UK regulators are pushing for the integration of tokenization and new forms of digital money into the country's future retail payment systems. An updated national payments blueprint, released by HM Treasury on behalf of the Payments Vision Delivery Committee, advocates for infrastructure that supports these innovations to foster a "diverse multi-money ecosystem."
Programmable payments, particularly those leveraging tokenization, have been identified as potential drivers of payment innovation. The roadmap emphasizes the need for infrastructure that allows emerging digital currencies to interoperate seamlessly with existing traditional payment systems. This move follows previous government announcements in April to revise payment regulations to accommodate technologies like stablecoins and tokenized deposits.

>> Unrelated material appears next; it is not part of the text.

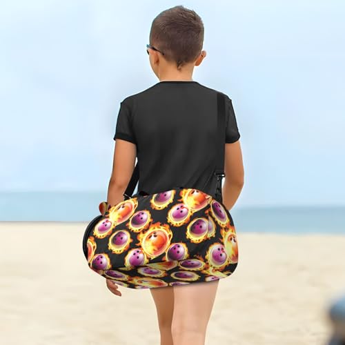 Flaming Bowling Black Kids Travel Duffel Bag for Boys Girls Overnight Weekend Tote Bag with Shoes Compartment for Sleepover Trip Beach 7

In parallel, the UK's Financial Conduct Authority (FCA) recently unveiled its comprehensive crypto regulatory framework, with a licensing window for crypto firms set to open from September until February 2027. The Bank of England has also proposed extending its core settlement infrastructure's operating hours to near 24/7 availability, aiming to prepare wholesale markets for tokenized finance and support cross-border payments. The FCA has further indicated that tokenization and distributed ledger technologies could significantly enhance efficiency within the UK's asset management sector.